Your goal:
Search the listing below for the line with "- 北大路魯山人 織部", then write out that line and every one after it exactly, without the pictures.
● ● ● ●
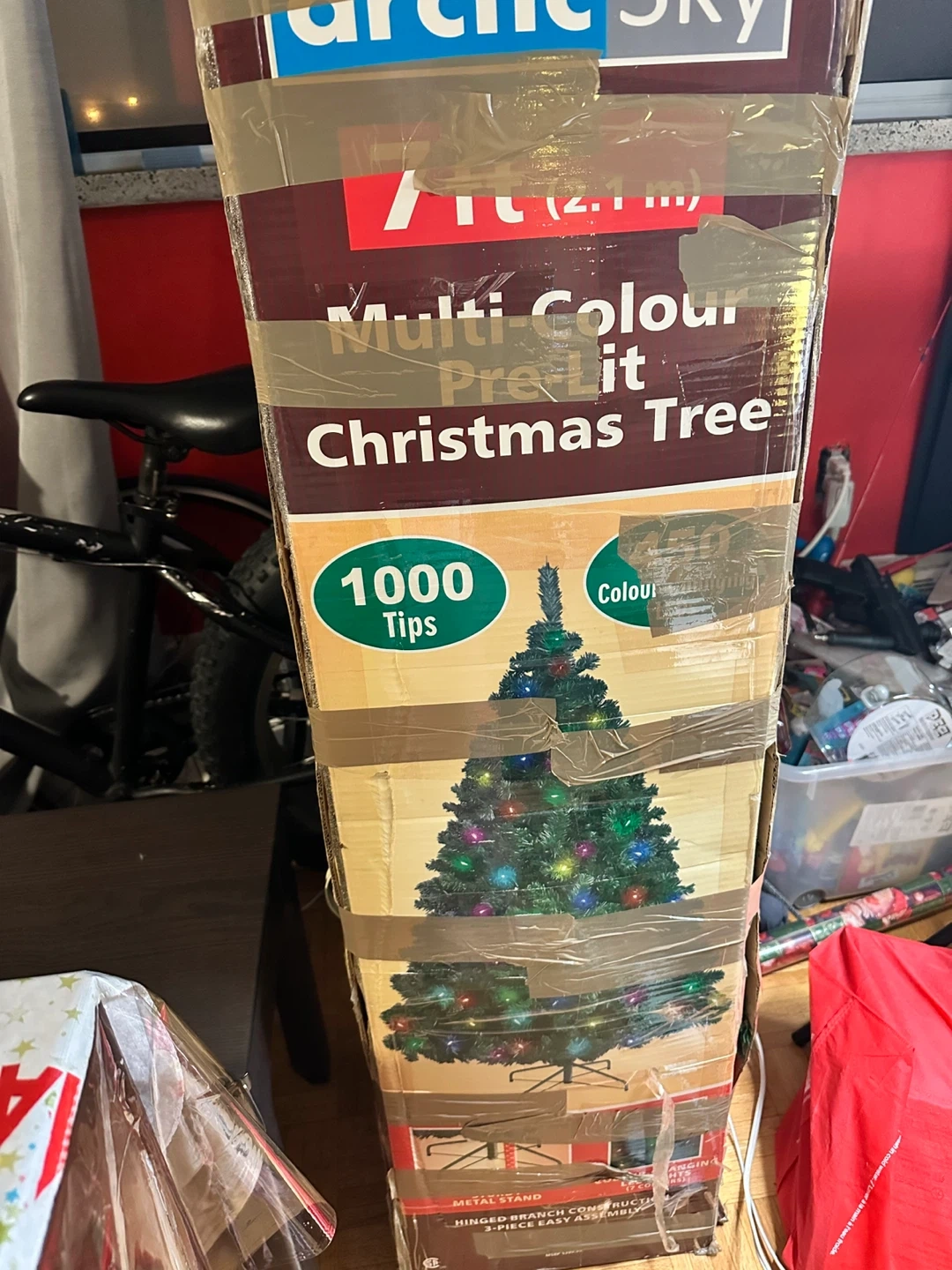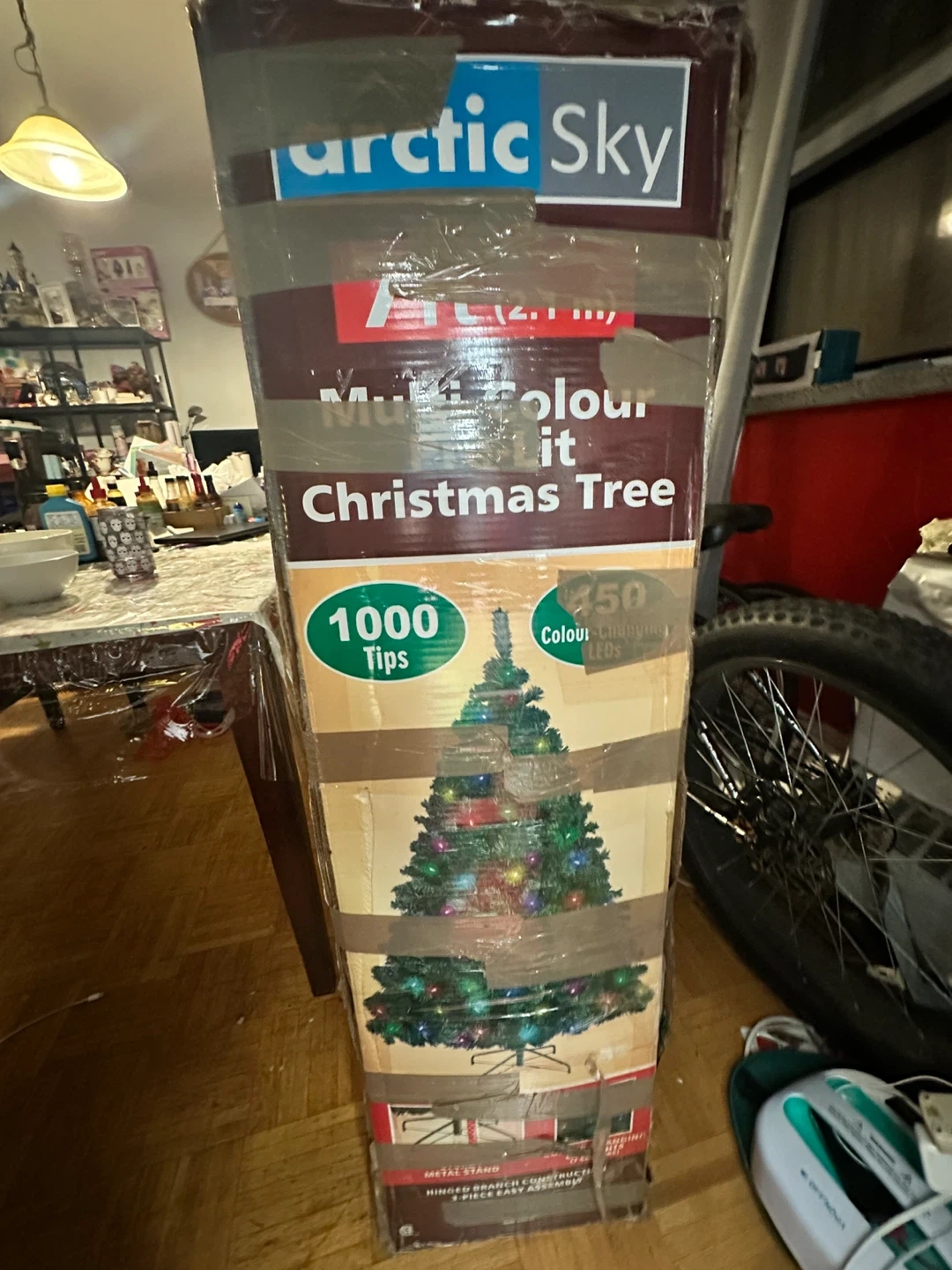 Christmas tree from Arctic Sky! The tree has 1000 tips and a metal stand. It's a hinged branch construction, making it easy to assemble. The box is included!
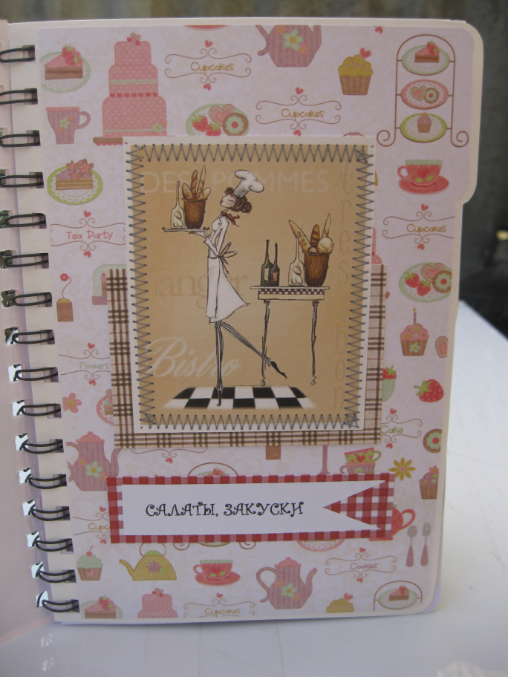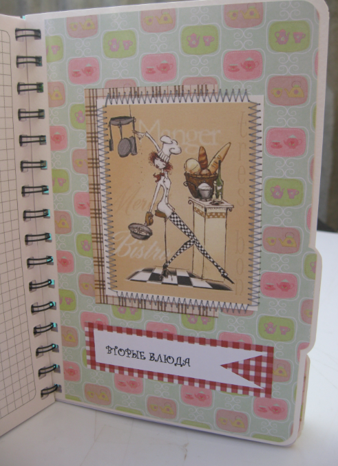 СкрапбукингЗадекорировала тетрадь под кулинарный блокнот. Разделителей 4, Основа для разделителей акварельная бумага. Не буду томить текстом, смотрим...
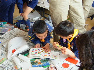 凧には世界の国旗を書いたよ。いろんな色・デザインの凧が出来上がる!あれれ、でも時間が・・・・・
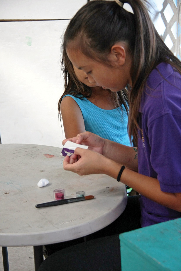 Scholarship recipient Kacie Kimoto, a Damien sophomore, decorated the tiny arms of children with shiny “glitter tattoos.”
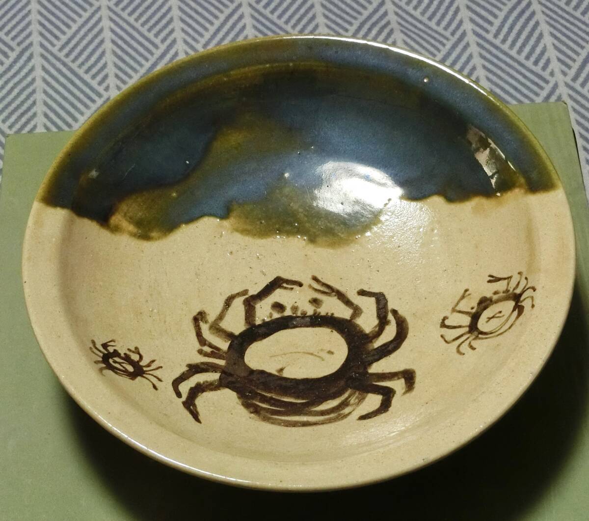 - 北大路魯山人 織部 蟹親子 大絵皿 32cm 黒田陶々庵極め 共箱 本物返品OK 250501−11
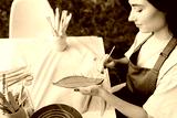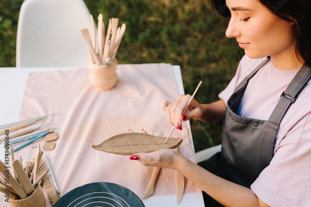 Artisan engraves a clay leaf with detailed lines. Woman Carving Clay Leaf. Young woman carves delicate leaf patterns into clay, showcasing her pottery skills.
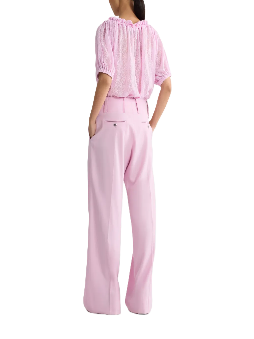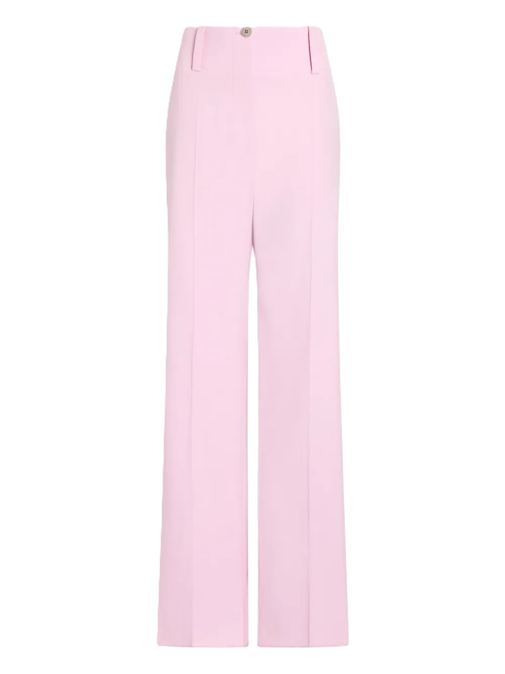 pantaloni dritti con vita alta, passanti per cintura large, color rosa, tasche a filetto con bottone, gamba dritta, chiusura con bottoni
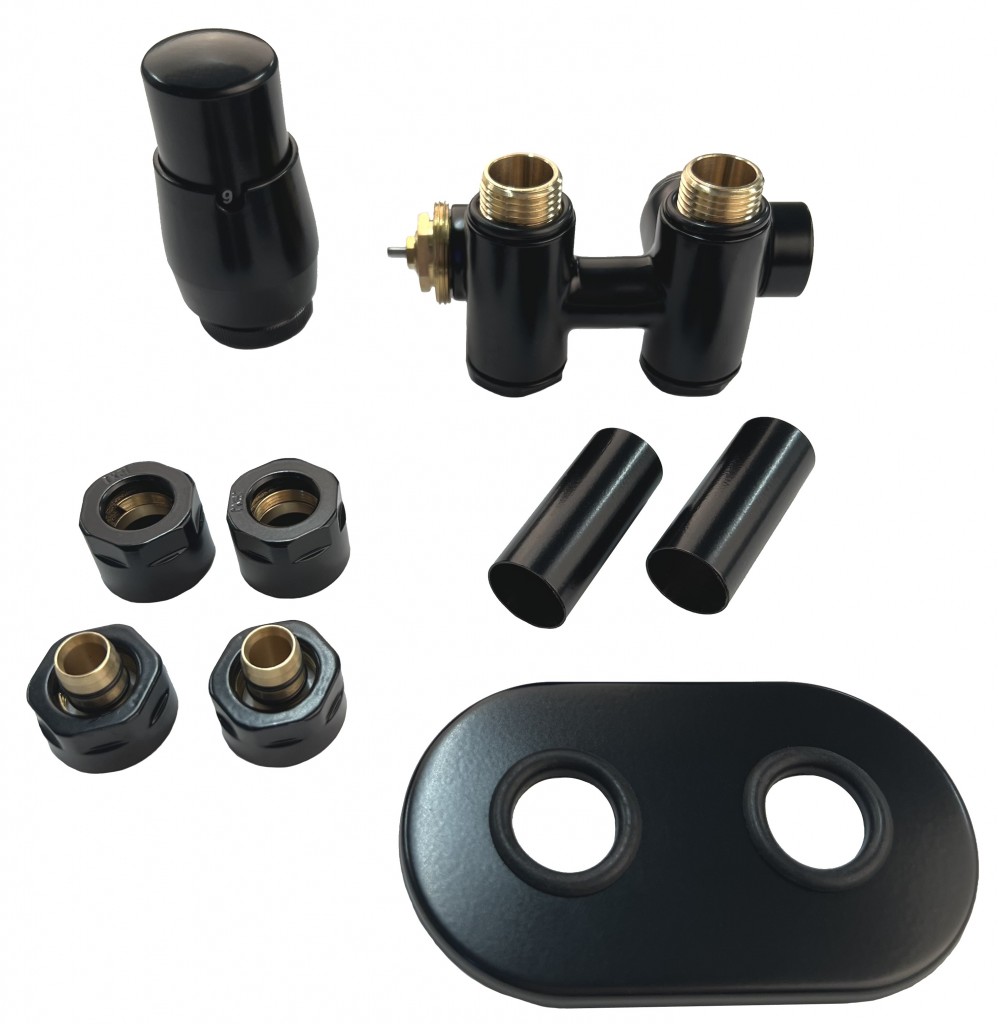 THERMCOMBISET je určený predovšetkým pre asymetrické radiátory (Edinburg, Darvel, Namelles, Popstar) pre teplovodnú aj kombinovanú prevádzku ( možnosť vloženia elektrickej vykurovacej tyče ). Pre teplovodnú prevádzku je set kompletný a nič iné neobjednávate. Pre kombinovanú prevádzku musíte ešte objednať tyč v odporúčanom výkone, ktorú je možné prestrčiť cez ventil vľavo alebo vpravo. Garnitúra, termostatická hlavica aj kompletné príslušenstvo je k dispozícii v 17-tich rôznych farbách vždy s veľmi kvalitnou povrchovou úpravou. Ventily dodávame vrátane zverného šróbenia na Cu aj na PEX-AL-PEX.
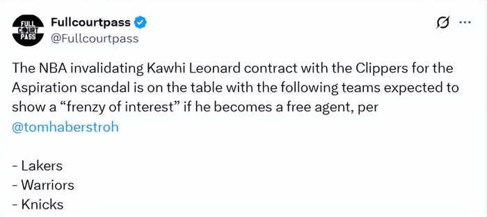 北京时间2月24日,据NBA记者汤姆-哈伯斯特罗报道,因此前涉及的阴阳合同问题,NBA有可能会宣布莱昂纳德与快船的合同无效。一旦莱昂纳德成为自由球员,预计湖人、勇士、尼克斯等球队会疯狂追求他。哈伯斯特罗在节目上的报道如下——
● ● ● ●
Answer section:
 - 北大路魯山人 織部 蟹親子 大絵皿 32cm 黒田陶々庵極め 共箱 本物返品OK 250501−11
 Artisan engraves a clay leaf with detailed lines. Woman Carving Clay Leaf. Young woman carves delicate leaf patterns into clay, showcasing her pottery skills.
 pantaloni dritti con vita alta, passanti per cintura large, color rosa, tasche a filetto con bottone, gamba dritta, chiusura con bottoni
 THERMCOMBISET je určený predovšetkým pre asymetrické radiátory (Edinburg, Darvel, Namelles, Popstar) pre teplovodnú aj kombinovanú prevádzku ( možnosť vloženia elektrickej vykurovacej tyče ). Pre teplovodnú prevádzku je set kompletný a nič iné neobjednávate. Pre kombinovanú prevádzku musíte ešte objednať tyč v odporúčanom výkone, ktorú je možné prestrčiť cez ventil vľavo alebo vpravo. Garnitúra, termostatická hlavica aj kompletné príslušenstvo je k dispozícii v 17-tich rôznych farbách vždy s veľmi kvalitnou povrchovou úpravou. Ventily dodávame vrátane zverného šróbenia na Cu aj na PEX-AL-PEX.
 北京时间2月24日,据NBA记者汤姆-哈伯斯特罗报道,因此前涉及的阴阳合同问题,NBA有可能会宣布莱昂纳德与快船的合同无效。一旦莱昂纳德成为自由球员,预计湖人、勇士、尼克斯等球队会疯狂追求他。哈伯斯特罗在节目上的报道如下——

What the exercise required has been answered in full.